From/to | Timestamp | Timestampltz | Timestamptz |
---|---|---|---|
String (without timezone) | Interpret the date/time parts in session timezone. Convert to UTC, encode and store the Unix epoch. | Interpret the date/time parts in session timezone. Convert to UTC, encode and store the Unix epoch. | Interpret the date/time parts in session timezone. Convert to UTC, encode and store the Unix epoch and TZ_ID of session |
String (with timezone) | Error (timezone part is not supported for timestamp). | Convert from value's timezone to UTC. Encode and store the Unix epoch. | Convert from value's timezone to UTC. Encode and store the Unix epoch and TZ_ID of value's timezone. |
Conversion from string to datetime types
Conversion from string to datetime/datetimeltz/datetimetz are performed in context for creating datetime objects from literals.
From/to | Datetime | Datetimeltz | Datetimetz |
---|---|---|---|
String (without timezone) | Store the parsed values from string. | Interpret the date/time parts in session timezone.
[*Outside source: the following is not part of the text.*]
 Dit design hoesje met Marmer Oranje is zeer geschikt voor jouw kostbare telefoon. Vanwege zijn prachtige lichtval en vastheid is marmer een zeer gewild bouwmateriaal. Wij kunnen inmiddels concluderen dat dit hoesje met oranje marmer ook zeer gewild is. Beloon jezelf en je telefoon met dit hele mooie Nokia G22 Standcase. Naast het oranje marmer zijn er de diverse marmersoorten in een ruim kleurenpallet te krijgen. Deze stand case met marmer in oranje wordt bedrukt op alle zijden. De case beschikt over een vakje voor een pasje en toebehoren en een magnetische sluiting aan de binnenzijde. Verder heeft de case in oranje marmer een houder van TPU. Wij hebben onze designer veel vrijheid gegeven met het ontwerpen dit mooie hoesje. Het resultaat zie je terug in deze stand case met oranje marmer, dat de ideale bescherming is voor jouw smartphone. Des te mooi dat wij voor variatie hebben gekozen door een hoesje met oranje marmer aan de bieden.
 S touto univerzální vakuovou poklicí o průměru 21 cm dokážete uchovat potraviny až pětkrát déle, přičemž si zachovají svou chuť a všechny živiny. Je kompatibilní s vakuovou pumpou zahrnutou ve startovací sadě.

Convert to UTC and store the new values. | Interpret the date/time parts in session timezone. Convert to UTC and store the new values and TZ_ID of session |
String (with timezone) | Error (timezone part is not supported for datetime). | Convert from value's timezone to UTC. Store the new values in UTC reference. | Convert from value's timezone to UTC. Store the new values in UTC reference TZ_ID of string's timezone. |
Conversion of datetime and timestamp types to string (printing of values)
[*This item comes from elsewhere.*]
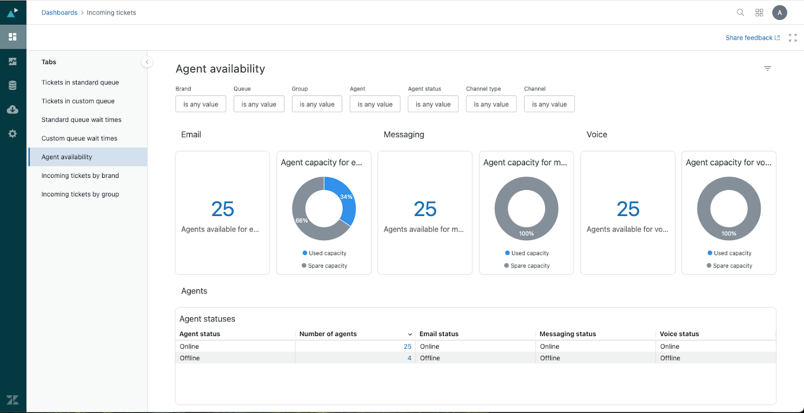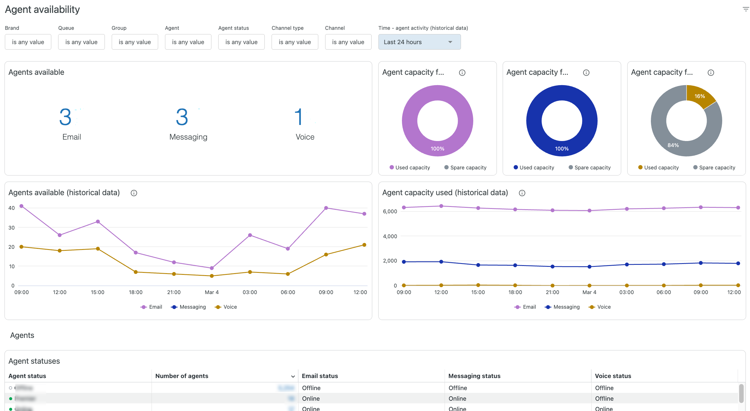 - Agent statuses: A detailed breakdown of your agent’s showing their status for each channel, email, messaging, and voice. You can click any value under Number of agents to drill-in and see the agents with that status.

From/to | String (timezone printing not allowed) | String (timezone force print) | String (no requirement for timezone - free choice) |
---|---|---|---|
TIMESTAMP | Decode Unix epoch to session timezone and print | Decode Unix epoch to session timezone and print with session timezone. | Decode Unix epoch to session timezone and print. Do not print timezone string |
TIMESTAMPLTZ | Decode Unix epoch to session timezone and print | Decode Unix epoch to session timezone and print with session timezone. | Decode Unix epoch to session timezone and print. Print session timezone. |
TIMESTAMPTZ | Decode Unix epoch to timezone from value and print it. | Decode Unix epoch to timezone from value and print it; print timezone from value. | Decode Unix epoch to timezone from value and print it; print timezone from value. |
DATETIME | Print the stored values. | Print the stored value and session timezone. | Print the stored value. Do not print any timezone. |
DATETIMELTZ | Convert from UTC to session timezone and print the new value. | Convert from UTC to session timezone and print it. Print session timezone | Convert from UTC to session timezone and print it. Print session timezone. |
DATETIMELTZ | Convert from UTC to value's timezone and print the new value. | Convert from UTC to value's timezone and print it. Print value's timezone | Convert from UTC to value's timezone and print it. Print value's timezone. |
Timezone Configuration¶
The below shows the timezone related parameters configured in cubrid.conf. For parameter's configuration, see cubrid.conf Configuration File and Default Parameters.
timezone
Specifies a timezone for a session. The default is a value of server_timezone.
server_timezone
Specifies a timezone for a server. The default is a timezone of OS.
tz_leap_second_support
Sets for support for leap second as yes or no. The default is no.
Timezone Function¶
The following are timezone related functions. For each function's detail usage, click each function's name.
Functions with a Timezone Type¶
All functions which use DATETIME, TIMESTAMP or TIME typed value in their input value, can use timezone typed value.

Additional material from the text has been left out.